I
Después de ganar un
famoso concurso de televisión, Mauro, se hizo famoso. Lo habían conchabado para
que se aprendiera las respuestas, ganara y se llevara un porcentaje del famoso
premio. Iba caminando por la calle cuando un hombre de traje lo llamó para
hacerle la propuesta. Quedaron de preparar el plan en tres sesiones. Les
resultó muy bien y los televidentes quedaron convencidos de que Mauro Germán
era un hombre bastante capaz. El cobro se hizo a través de una transferencia de
banco y cuando llegó la suma acordada. El afortunado ganador se cambió de casa
y se cortó el pelo, cambió su apariencia y la de su esposa para no ser
reconocido. Adelina sí que sufrió una transformación, pues sus harapos viejos,
su pelo descuidado, su rostro gris y, sobre todo, su delantal, desaparecieron.

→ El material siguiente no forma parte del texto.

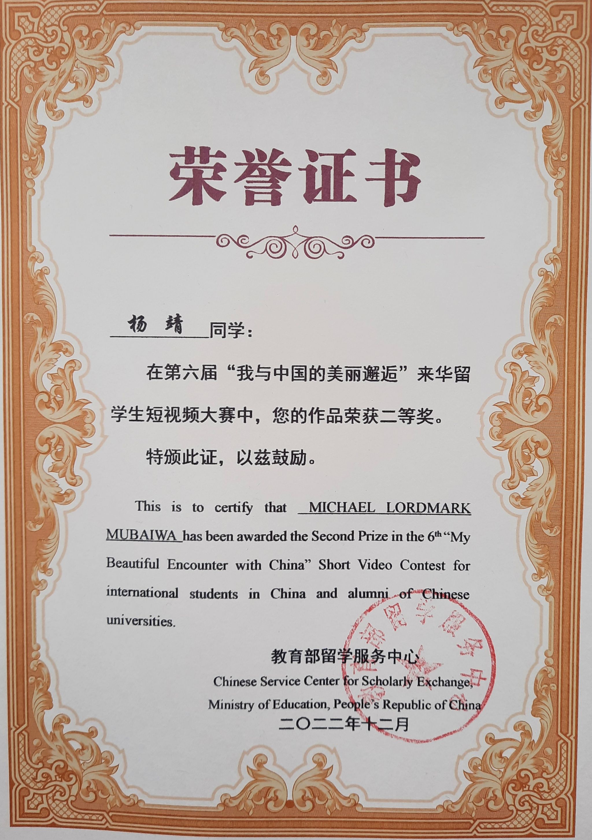 近日,受教育部国际合作与交流司委托,教育部留学服务中心举办的“我与中国的美丽邂逅”第六届来华留学生征文暨短视频大赛结果揭晓,我校津巴布韦籍留学生杨靖征文作品获得全国二等奖,徐丹获“优秀指导教师”,学校获“优秀组织奖”。
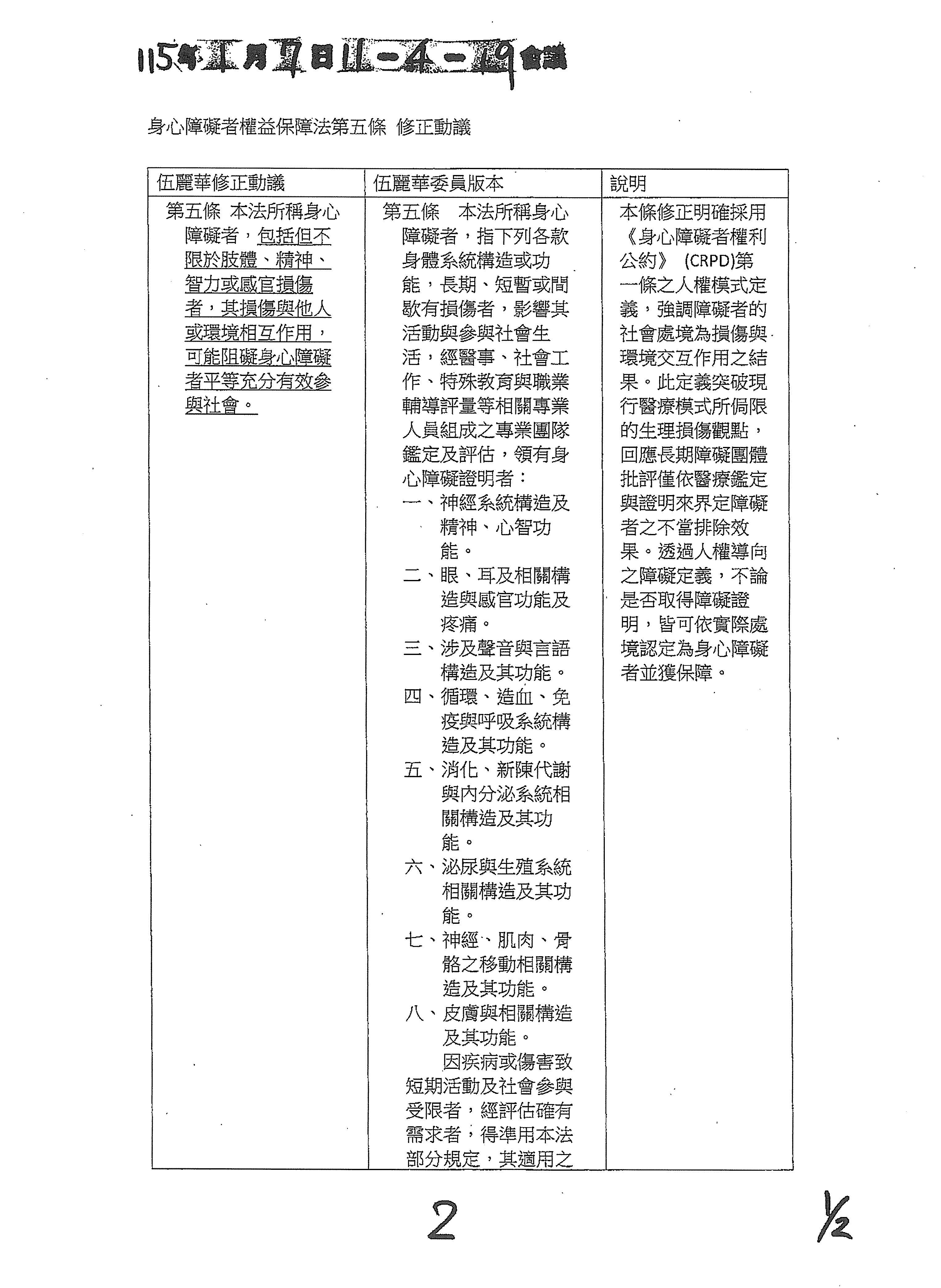 (二十六)委員伍麗華Saidhai Tahovecahe等18人擬具「身心障礙者權益保障法部分條文修正草案」案。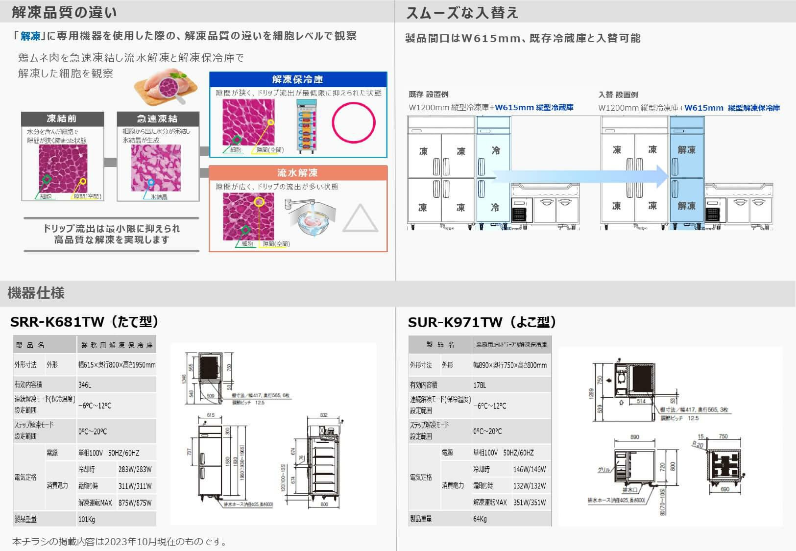 SUR-K971TW 【パナソニック】よこ型解凍保冷庫 幅890×奥行750×高さ800mm 単相100V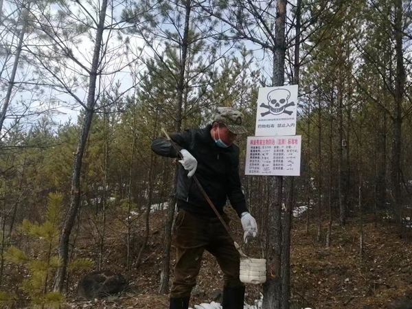 采取科學(xué)有效的防治方法,根據(jù)不同區(qū)域、不同特點投放不孕劑和涂抹防啃劑進行防治。為防止人畜中毒,提前張貼林場鼠害防治公告、在防治區(qū)內(nèi)樹立警示標牌,避免人員、牲畜進入投放鼠藥區(qū)域。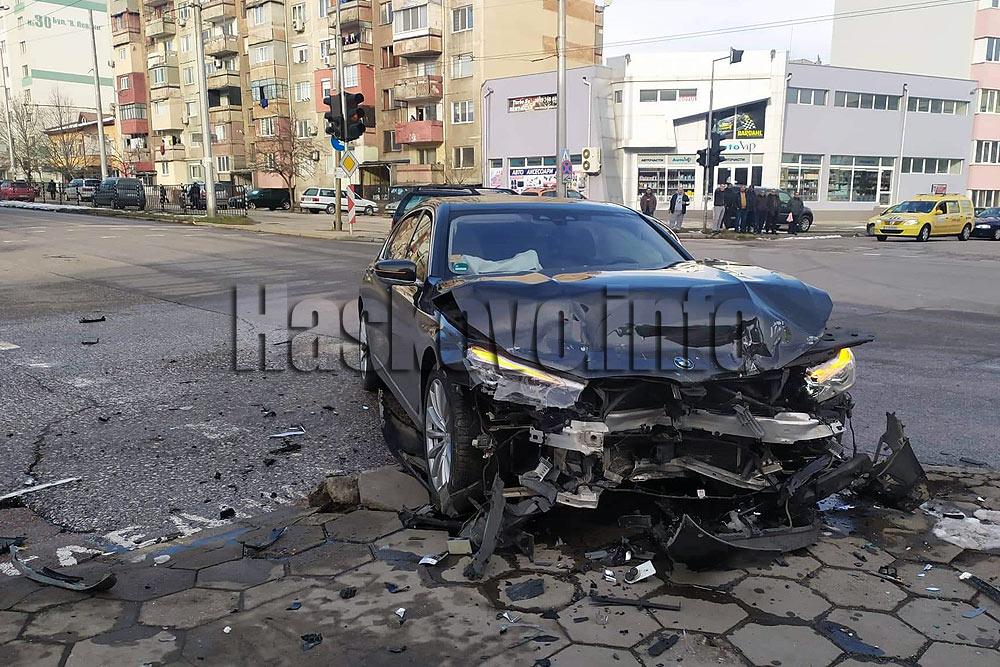 При катастрофата на кръстовището на ул. „Дунав“ и бул. „Васил Левски“ в Хасково, при която се удариха Ауди и БВМ е установено, че Аудито е отнело предимството на другата кола. Виновният шофьор и спътничката му бяха откарани в болницата с леки наранявания.

Había llevado una vida muy modesta, sostenida por el raquítico sueldo de
repartidor que recibía su marido. Le había tocado soportar las mentiras de
Mauro, ya que éste, se dedicaba a salir con los amigos y a encontrarse con
mujeres de forma clandestina. Como ella era la última de la fila le habían
tocado las migajas.
De vez en cuando, hacía trabajillos que le dejaban unas
monedas. Sabía coser, tejer y cocinar bien, por eso aprovechaba que algunos
vecinos se vieran en penurias para ofrecerles su ayuda. La gente la quería
bastante por su buen carácter. El optimismo era lo que la mantenía a flote en
las aguas agitadas en las que mantenía su barca. A pesar del peso de su marido,
ella sabía cómo dirigir los remos y las cosas iban bien gracias a su clara
visión. Con un monto de dinero suficiente para vivir unos años sin trabajar,
Mauro pensó poner una pequeña tienda de abarrotes, que sería atendida por su
mujer, mientras él se encargaría de mantener el abastecimiento.
Se llevó a cabo el
negocio. Compraron en un mercado un pequeño local. Lo resanaron, lo pintaron y
lo decoraron para que llamara la atención. Trataron de ocultar su identidad por
unos meses, pero una anciana que tenía una memoria fotográfica envidiable
comenzó a llamar a Mauro “El afortunado”, la gente no se decidía a creerlo,
pero la vieja no tenía reparo en afirmarlo durante sus largas tertulias
vespertinas en la plaza donde se reunía la gente todos los días. Así fue como
sin querer se le denominó para siempre. —Ahí viene “El afortunado”—decían los
niños señalándolo con el dedo. Al final, hasta tuvo que ponerle a su negocio su
apodo. Se acostumbró con el tiempo a su mote y ya no reaccionaba cuando lo
llamaban por su nombre. Esto fue un hecho maléfico, pues en una ocasión lo vio
una de sus ex amantes y lo llamó por su nombre, pero él no hizo caso de la
mujer que se alejó en su destartalado coche pitándole con el claxon. Un día otra
dama se presentó cuando Mauro estaba atendiendo porque Adelina se sentía un
poco mala y lo había llamado para ocuparse de las ventas. Tenía ocho meses y
medio de embarazo y la pesadez de la condición de madre primeriza y no muy
joven le había causado estragos. Se había mareado mucho y estaba sentada
tratando de recuperarse.
Mauro no pudo cerrar
porque apareció la clienta. «Mira
¡Qué casualidad!!Dónde te vengo a encontrar! Hacía tanto que no te veía,
cuéntame qué tal todo, ¿por qué dejaste de llamarme?» La voz era de Dolores, una de las más
extravagantes conocidas de Mauro. La había conocido cuando estaba entregando
unas mercancías en un supermercado. Intercambiaron algunas palabras y el
interés que sintieron fue mutuo. Él presentía que tenía enfrente a una mujer
sin prejuicios y ella pensaba que un tipo como Mauro era lo que necesitaba para
extrovertirse en todos los sentidos. Lola era muy abierta, pero tenía un enorme
defecto que la aislaba de los demás. Era su insensibilidad ante lo moral y
ético.
Estaba inmunizada contra la conciencia de la cual desconocía su
existencia. Esa tarde no pudo contener sus recuerdos y empezó a comentar los
magníficos encuentros que habían tenido, las pasiones desbordantes que los
habían consumido y, al entrar en detalles, las palabras le causaron tal dolor a
Adelina que empezó a parir en la silla en la que se encontraba. Un mar de
gritos desesperados llamó a Dios y a la ambulancia para que se llevaran a la
parturienta a la clínica de maternidad. En un arrebato de sorpresa, Lola se
subió junto con los demás en los coches para ver el final de la historia.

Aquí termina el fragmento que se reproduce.